With Rural Society's new location opening earlier this month in the Loews Chicago hotel, Chef Jose Garces, founder of the eponymous multi-concept Garces Group, returns to his hometown.
"With the number of steakhouses we have in Chicago, Jose wanted to give everyone his version of what a steakhouse could be," says Chef de Cuisine Cory Morris, who joins Rural Society after seven years at Mercat a la Planxa, also a Jose Garces concept.
Rural Society's first location opened in the Loews Madison hotel in Washington, D.C., last summer. Its sequel in Chicago will follow the same pattern of high-end, authentic Argentine cuisine, including wood-fired meats and fish prepared desde la parilla, or on a grill that uses of charcoal and an Argentine hardwood called quebracho. The beverage program also stays true to its roots with a wine list that is 80 percent South American, while the cocktail program harkens to traditional Argentine and South American sips.
FSR spoke with Chef Morris during Rural Society’s second week of operation to learn what guests can expect from the new location, how the Garces Group may localize the restaurant to support Chicago's tastes, and how it is handling sourcing.
Chef Morris says the menu in Chicago is the same as the D.C. location, but he expects that to change slightly with Rural Society's first seasonal menu change, which will cater a bit more to the Chicago market.
"We have these conversations with the chefs in the Garces group a lot,” Chef Morris says when asked how the restaurant might localize its offerings to Chicago tastes. “We talk about some of the dishes that are hits and some that are misses. I think Chicago has a very experimental palate.

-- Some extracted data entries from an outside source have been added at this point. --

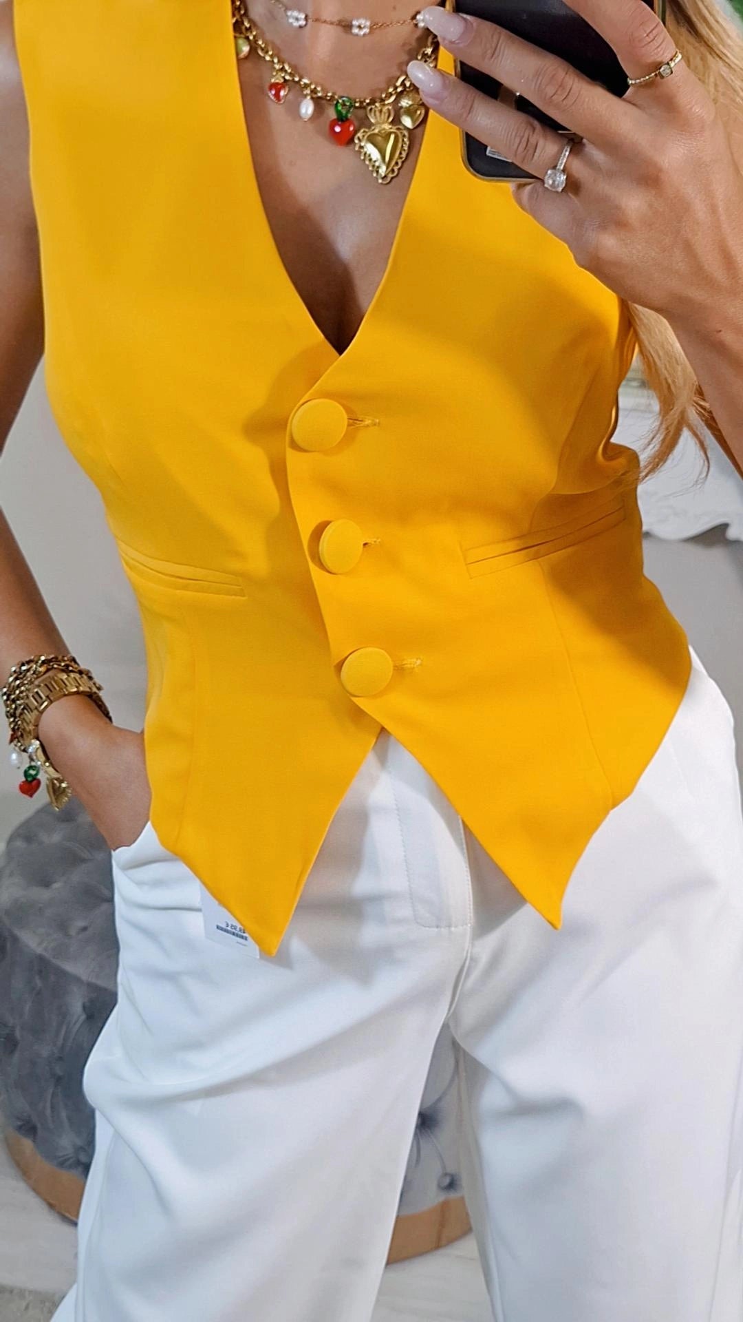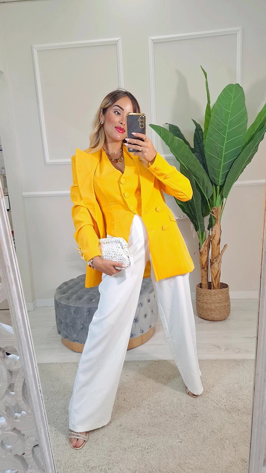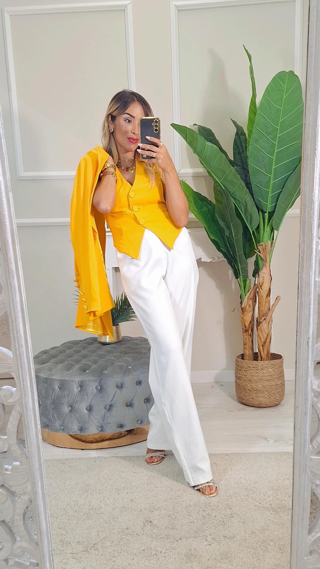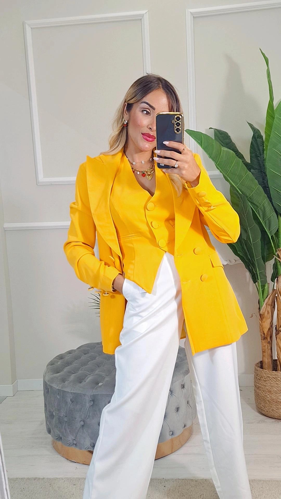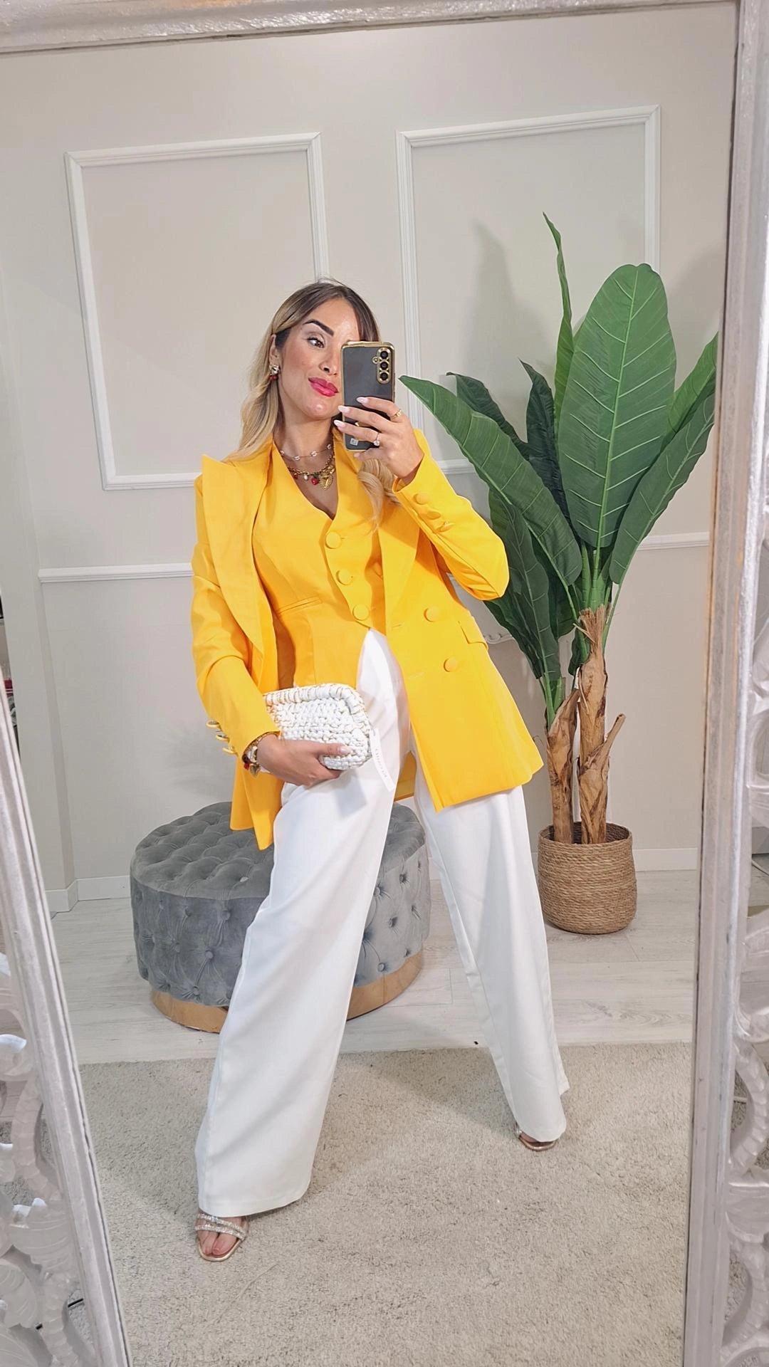 Il Set Completo Sofy combina un gilet e una giacca in tessuto giallo elegante con un design casual, perfetto per chi desidera un look sofisticato ma rilassato. Realizzato con materiali di alta qualità e tagli moderni, questo completo offre comfort e stile, ideale per eventi informali o occasioni in cui distinguersi con classe senza rinunciare alla comodità.
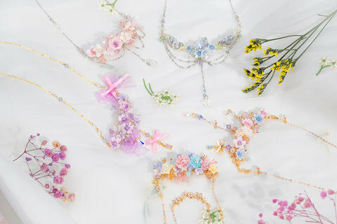 鍍金線 | 施華洛世奇水晶 | 手製樹脂黏土花 | UV膠強化保護層 | 925純銀項鏈
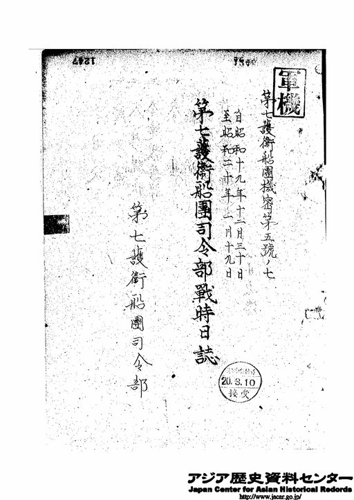 - 昭和19年4月9日~昭和20年1月19日 第7護衛船団司令部戦時日誌戦闘詳報
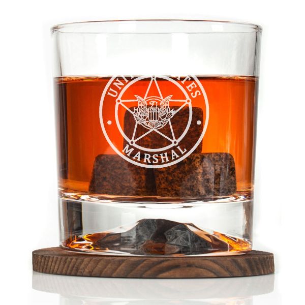 Custom Engraved - Police Badges - Personalized Whiskey Glasses In Wood Gift Box - United States Marshal Badge
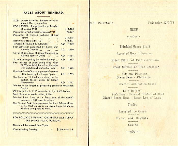 Trinidad And Tobago Port Of Spain Hotel Queens Park Menu 1933 Inside
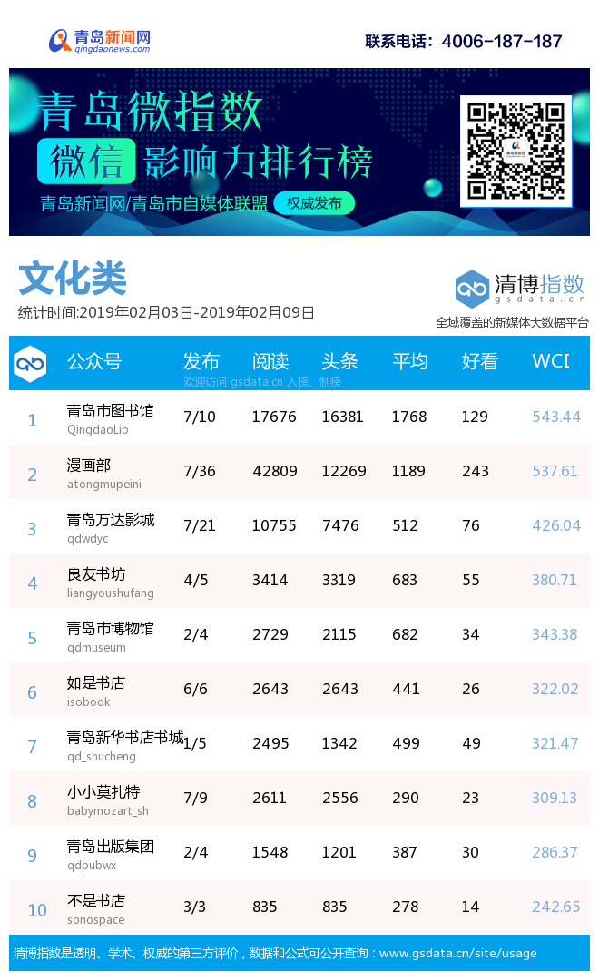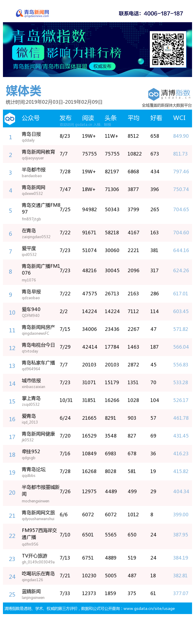 青島新聞網2月11日訊(記者 邢書玲)由青島新聞網、清博指數平臺聯手打造的“青島微指數微信影響力排行榜”今日發布一周(2月3日-2月9日)榜單。
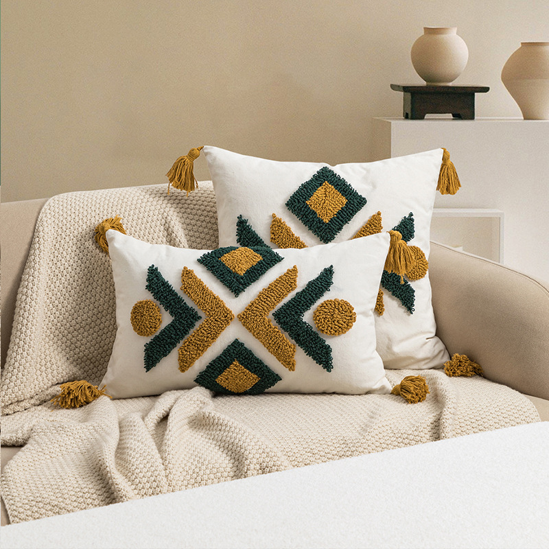 2025新款波西米亚棉帆布抱枕套摩洛哥几何圈绒流苏客厅沙发靠垫套
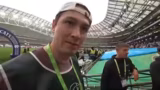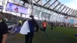 02:56:15Mit dem Einlaufen der Mannschaften beginnt der Countdown zum Kick-Off. Der Streamer berichtet, dass er und sein Team explizit die Erlaubnis haben, bis zum Beginn des Spiels zu streamen, danach jedoch vom Sicherheitspersonal vom Feld verwiesen werden. Diese letzten Minuten nutzen sie, um die finale Atmosphäre einzufangen und den Zuschauern ein letzmaliges Dankeschön zu sagen. Der Stream endet mit dem Ausstieg von der Sideline und dem Hinweis auf zukünftige Inhalte.
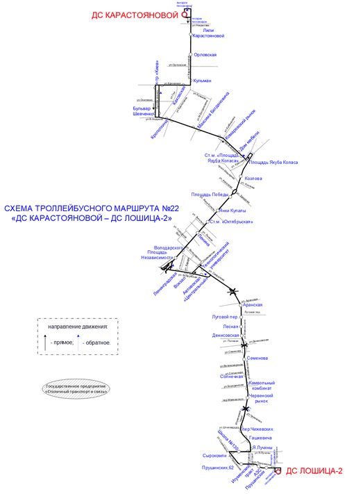 С 1 июня городской троллейбус № 22 следует по продленному маршруту в Лошицу. Теперь его трасса пролегает по пр. Независимости до ул. Бобруйской, а далее — по ул. Свердлова, Маяковского, Игуменскому тракту, ул. Я. Лучины и Прушинских. Конечная остановка — ДС «Лошица-2».
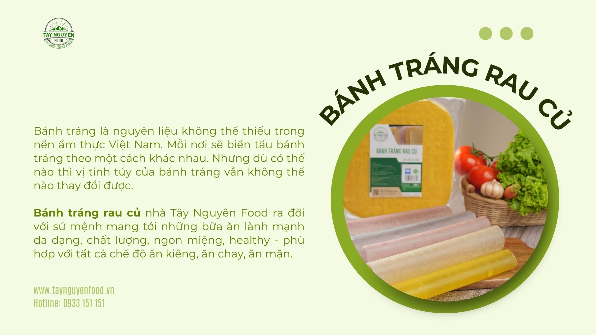 Bánh tráng rau củ nhà Tây Nguyên Food - Việt Nam ra đời với sứ mệnh mang tới những bữa ăn lành mạnh đa dạng, chất lượng, ngon miệng, healthy - phù hợp với tất cả chế độ ăn - ăn chay, ăn mặn.
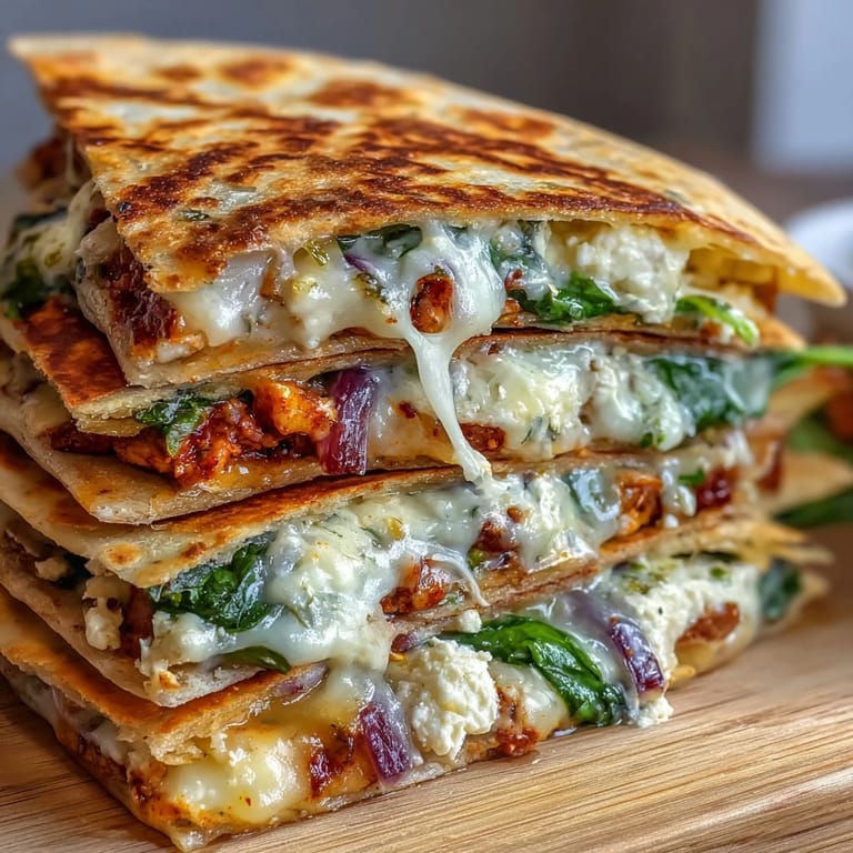 Save The smell of garlic hitting olive oil always pulls me into the kitchen, no matter what else I'm doing. These quesadillas started as a Tuesday night experiment when I had wilting spinach and half a block of feta that needed using. Now they're the most requested thing at my casual dinner parties, proof that some of the best meals happen when you work with what you have.

And with Rural Society and our approach, we'll be able to have some unique combinations."
Argentine cuisine is heavily based in meat and cheese, so Chef Morris says guests can expect plays on classics such as the Matambre, which traditionally is a skirt steak served with carrot and boiled egg. "We gave it a more modern update with poached quail egg and carrot chimichuri, and we use a really nice imported filet for the herb crusted beef tenderloin."
Most of the meats and cheese, in fact, are imported to retain the restaurant's authenticity. "I haven't come across a restaurant that's executing [sourcing] on the level that we are right now," Chef Morris says.
Stateside, Rural Society sources from trusted suppliers, including one in Philadelphia, and is beginning to build relationships with local purveyors. "For one of our sections of the menu, the Picada section [a Charcuterie plate that includes a selection of Argentine cured meats and hams], I'm working with a local producer and good friend who is executing high-level charcuterie for us here,” Chef Morris says.
He also hopes to use the connections with local farmers that be built during his seven years at Mercat a la Planxa.
Complementing the dishes on the menu are the myriad Argentine and South American wines, which make up 80 percent of the wine list. They're easy to pair with the dishes because "they're big and bold, just like our food," Chef Morris says.